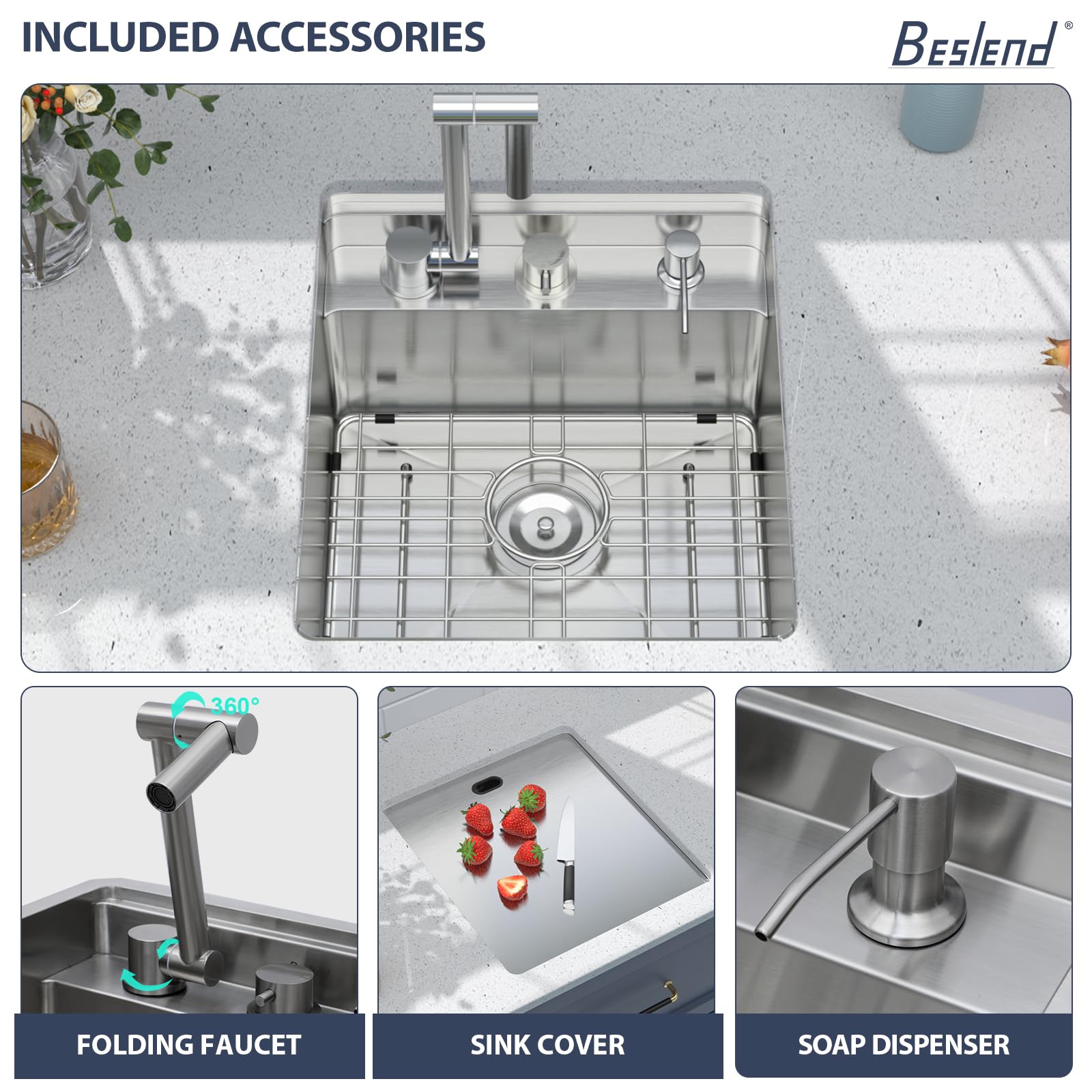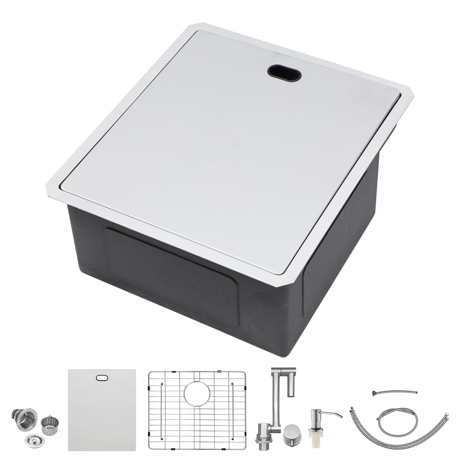 【Package Includes】17 inch stainless steel single bowl undermount bar sink, stainless steel cover, bottom grid, drain assembly, soap dispenser, folding faucet and its accessories, mounting hardware and installation guide. Complete set of kitchen bar sink for modern, convenient kitchen life.
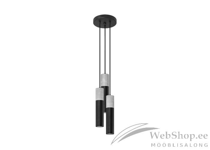 Kolme kupliga laelamp on valmistatud terasest, kergbetoonist detailid. Viimistlus: must/hall. Sobivad elektripirnid GU10 3x40W või 3x12W LED. Valgusallikad ei kuulu komplekti.
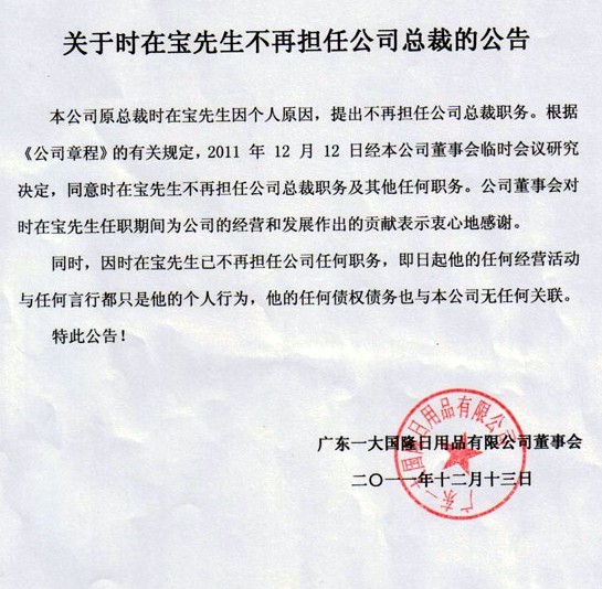 2011年12月19日,广东一大国隆日用品有限公司官网公布了一项人事公告。公告称:原公司总裁时在宝先生因个人原因提出辞职,根据《公司章程》的有关规定,2011年12月12日经本公司董事会临时会议研究决定,同意时在宝先生不再担任公司总裁职务及其他任何职务。公司董事会对时在宝先生任职期间为公司的经营和发展作出的贡献表示衷心地感谢。
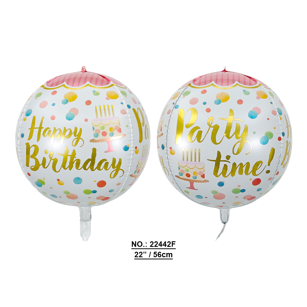 Helium / AirMake every birthday celebration shine with our 4D Birthday Foil Balloon. Designed in a full 3D sphere shape, this balloon shows different festive prints on the front and back — “Happy Birthday” on one side and “Party Time!” on the other. With a diameter of 22 inches (56 cm), it floats beautifully when filled with helium and makes a perfect decoration for birthdays, parties, and events.
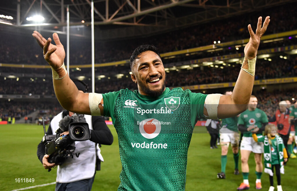 17 November 2018; Bundee Aki of Ireland celebrates following the Guinness Series International match between Ireland and New Zealand at the Aviva Stadium in Dublin. Photo by Brendan Moran/Sportsfile
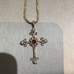 STUNNING Round Ruby & Diamond 14K GOLD Cross Pendant Necklace$2,490Sun City, AZ
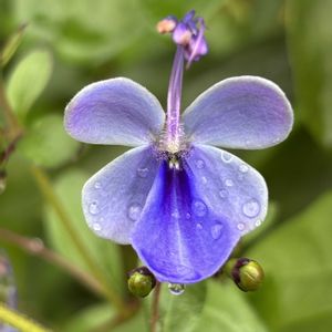 ツルバキア、夏の間、ポツポツと咲いています 葉っぱが涼しそうです ムラサキルエリアは毎日よく咲いて夕方には花が落ちています
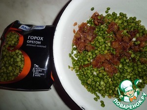 Зеленый горох от Мистраль не требует замачивания, поэтому промываем его и добавляем обжаренный лук.
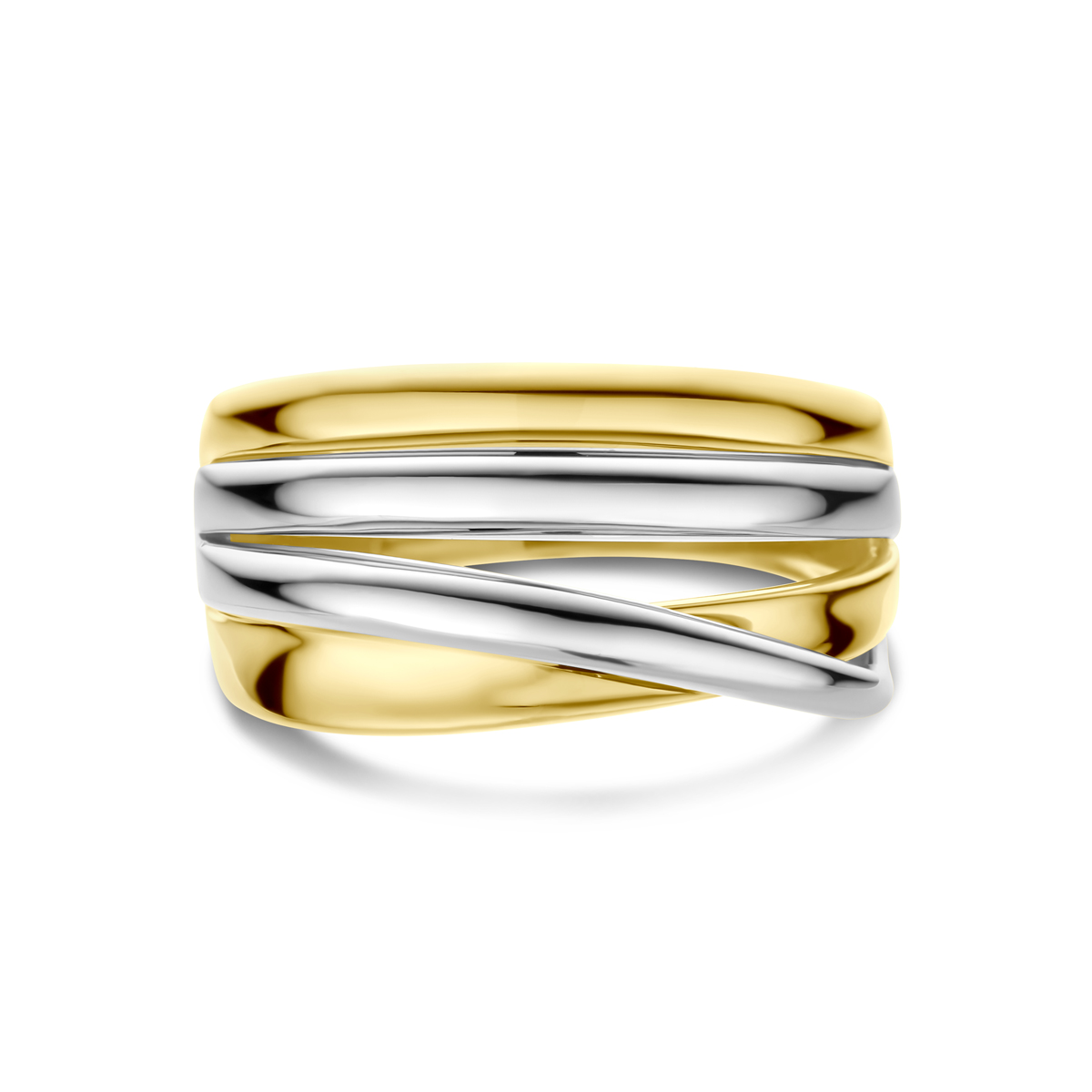 14k Bicolor wit- en geelgouden ring met een breedte van 12mm.
####
Task to complete =>
All of the material above is to be copied exactly, with no pictures.

Finished task =>
 【Package Includes】17 inch stainless steel single bowl undermount bar sink, stainless steel cover, bottom grid, drain assembly, soap dispenser, folding faucet and its accessories, mounting hardware and installation guide. Complete set of kitchen bar sink for modern, convenient kitchen life.
 Kolme kupliga laelamp on valmistatud terasest, kergbetoonist detailid. Viimistlus: must/hall. Sobivad elektripirnid GU10 3x40W või 3x12W LED. Valgusallikad ei kuulu komplekti.
 2011年12月19日,广东一大国隆日用品有限公司官网公布了一项人事公告。公告称:原公司总裁时在宝先生因个人原因提出辞职,根据《公司章程》的有关规定,2011年12月12日经本公司董事会临时会议研究决定,同意时在宝先生不再担任公司总裁职务及其他任何职务。公司董事会对时在宝先生任职期间为公司的经营和发展作出的贡献表示衷心地感谢。
 Helium / AirMake every birthday celebration shine with our 4D Birthday Foil Balloon. Designed in a full 3D sphere shape, this balloon shows different festive prints on the front and back — “Happy Birthday” on one side and “Party Time!” on the other. With a diameter of 22 inches (56 cm), it floats beautifully when filled with helium and makes a perfect decoration for birthdays, parties, and events.
 17 November 2018; Bundee Aki of Ireland celebrates following the Guinness Series International match between Ireland and New Zealand at the Aviva Stadium in Dublin. Photo by Brendan Moran/Sportsfile
 STUNNING Round Ruby & Diamond 14K GOLD Cross Pendant Necklace$2,490Sun City, AZ
 ツルバキア、夏の間、ポツポツと咲いています 葉っぱが涼しそうです ムラサキルエリアは毎日よく咲いて夕方には花が落ちています
 Зеленый горох от Мистраль не требует замачивания, поэтому промываем его и добавляем обжаренный лук.
 14k Bicolor wit- en geelgouden ring met een breedte van 12mm.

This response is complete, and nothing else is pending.